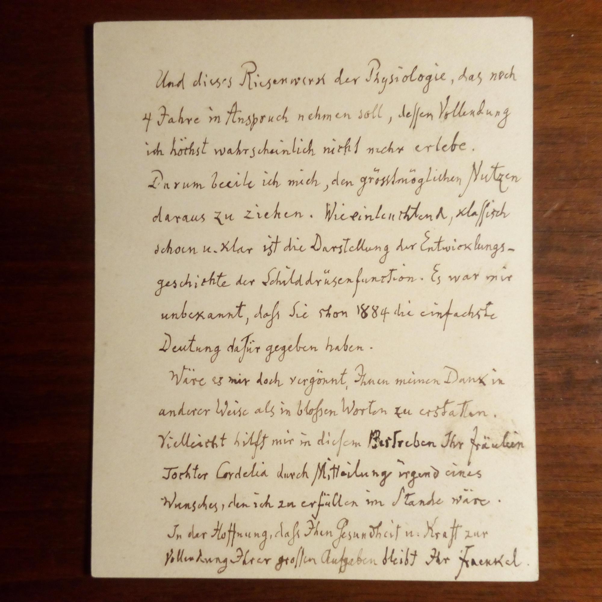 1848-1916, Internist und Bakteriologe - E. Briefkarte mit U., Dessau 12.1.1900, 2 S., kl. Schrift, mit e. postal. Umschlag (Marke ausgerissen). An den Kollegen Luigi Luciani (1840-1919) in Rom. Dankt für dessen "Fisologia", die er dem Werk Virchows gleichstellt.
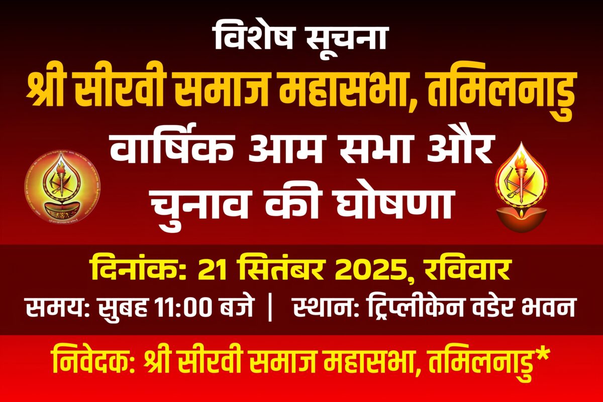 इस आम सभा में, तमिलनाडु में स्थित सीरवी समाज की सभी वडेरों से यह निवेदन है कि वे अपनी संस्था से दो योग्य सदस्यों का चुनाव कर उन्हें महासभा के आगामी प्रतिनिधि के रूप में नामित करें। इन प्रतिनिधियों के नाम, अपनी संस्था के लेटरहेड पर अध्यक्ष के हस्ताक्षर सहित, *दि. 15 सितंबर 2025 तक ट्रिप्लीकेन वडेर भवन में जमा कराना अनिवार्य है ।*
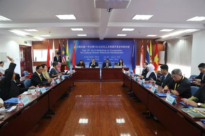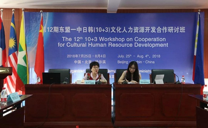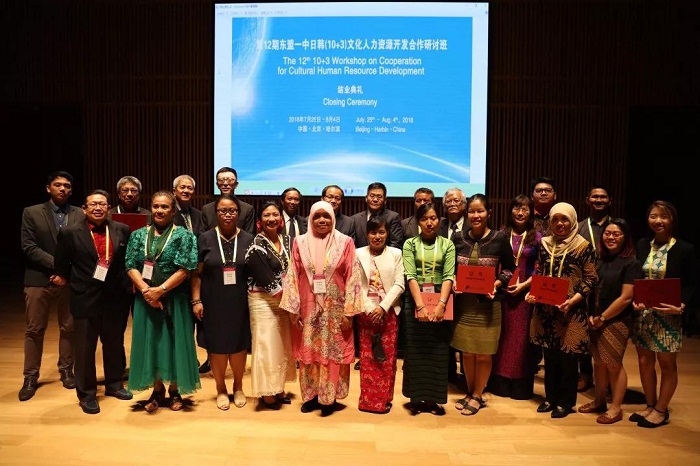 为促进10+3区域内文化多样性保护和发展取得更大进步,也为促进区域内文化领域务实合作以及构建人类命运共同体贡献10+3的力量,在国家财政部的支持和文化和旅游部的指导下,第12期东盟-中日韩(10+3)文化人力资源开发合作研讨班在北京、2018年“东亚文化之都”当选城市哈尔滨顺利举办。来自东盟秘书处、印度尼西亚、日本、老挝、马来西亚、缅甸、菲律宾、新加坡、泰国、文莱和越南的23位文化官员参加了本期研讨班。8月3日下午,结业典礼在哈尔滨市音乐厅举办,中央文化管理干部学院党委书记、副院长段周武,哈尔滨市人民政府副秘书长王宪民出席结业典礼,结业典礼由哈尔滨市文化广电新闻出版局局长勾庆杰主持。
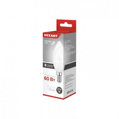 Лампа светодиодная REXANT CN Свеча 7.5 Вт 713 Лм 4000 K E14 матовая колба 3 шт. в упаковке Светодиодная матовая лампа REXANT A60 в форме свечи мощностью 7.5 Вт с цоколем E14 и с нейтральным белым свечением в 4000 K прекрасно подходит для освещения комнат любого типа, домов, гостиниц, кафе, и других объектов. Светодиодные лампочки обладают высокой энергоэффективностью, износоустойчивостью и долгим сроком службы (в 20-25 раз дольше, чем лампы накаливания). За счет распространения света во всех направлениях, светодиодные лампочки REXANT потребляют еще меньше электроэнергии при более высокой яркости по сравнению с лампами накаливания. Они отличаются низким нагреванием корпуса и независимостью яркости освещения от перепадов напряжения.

WHAT IS EXPECTED:
All lines above must be repeated exactly, and the pictures must be omitted.

YOUR RESPONSE:
 1848-1916, Internist und Bakteriologe - E. Briefkarte mit U., Dessau 12.1.1900, 2 S., kl. Schrift, mit e. postal. Umschlag (Marke ausgerissen). An den Kollegen Luigi Luciani (1840-1919) in Rom. Dankt für dessen "Fisologia", die er dem Werk Virchows gleichstellt.
 इस आम सभा में, तमिलनाडु में स्थित सीरवी समाज की सभी वडेरों से यह निवेदन है कि वे अपनी संस्था से दो योग्य सदस्यों का चुनाव कर उन्हें महासभा के आगामी प्रतिनिधि के रूप में नामित करें। इन प्रतिनिधियों के नाम, अपनी संस्था के लेटरहेड पर अध्यक्ष के हस्ताक्षर सहित, *दि. 15 सितंबर 2025 तक ट्रिप्लीकेन वडेर भवन में जमा कराना अनिवार्य है ।*
 为促进10+3区域内文化多样性保护和发展取得更大进步,也为促进区域内文化领域务实合作以及构建人类命运共同体贡献10+3的力量,在国家财政部的支持和文化和旅游部的指导下,第12期东盟-中日韩(10+3)文化人力资源开发合作研讨班在北京、2018年“东亚文化之都”当选城市哈尔滨顺利举办。来自东盟秘书处、印度尼西亚、日本、老挝、马来西亚、缅甸、菲律宾、新加坡、泰国、文莱和越南的23位文化官员参加了本期研讨班。8月3日下午,结业典礼在哈尔滨市音乐厅举办,中央文化管理干部学院党委书记、副院长段周武,哈尔滨市人民政府副秘书长王宪民出席结业典礼,结业典礼由哈尔滨市文化广电新闻出版局局长勾庆杰主持。
 Лампа светодиодная REXANT CN Свеча 7.5 Вт 713 Лм 4000 K E14 матовая колба 3 шт. в упаковке Светодиодная матовая лампа REXANT A60 в форме свечи мощностью 7.5 Вт с цоколем E14 и с нейтральным белым свечением в 4000 K прекрасно подходит для освещения комнат любого типа, домов, гостиниц, кафе, и других объектов. Светодиодные лампочки обладают высокой энергоэффективностью, износоустойчивостью и долгим сроком службы (в 20-25 раз дольше, чем лампы накаливания). За счет распространения света во всех направлениях, светодиодные лампочки REXANT потребляют еще меньше электроэнергии при более высокой яркости по сравнению с лампами накаливания. Они отличаются низким нагреванием корпуса и независимостью яркости освещения от перепадов напряжения.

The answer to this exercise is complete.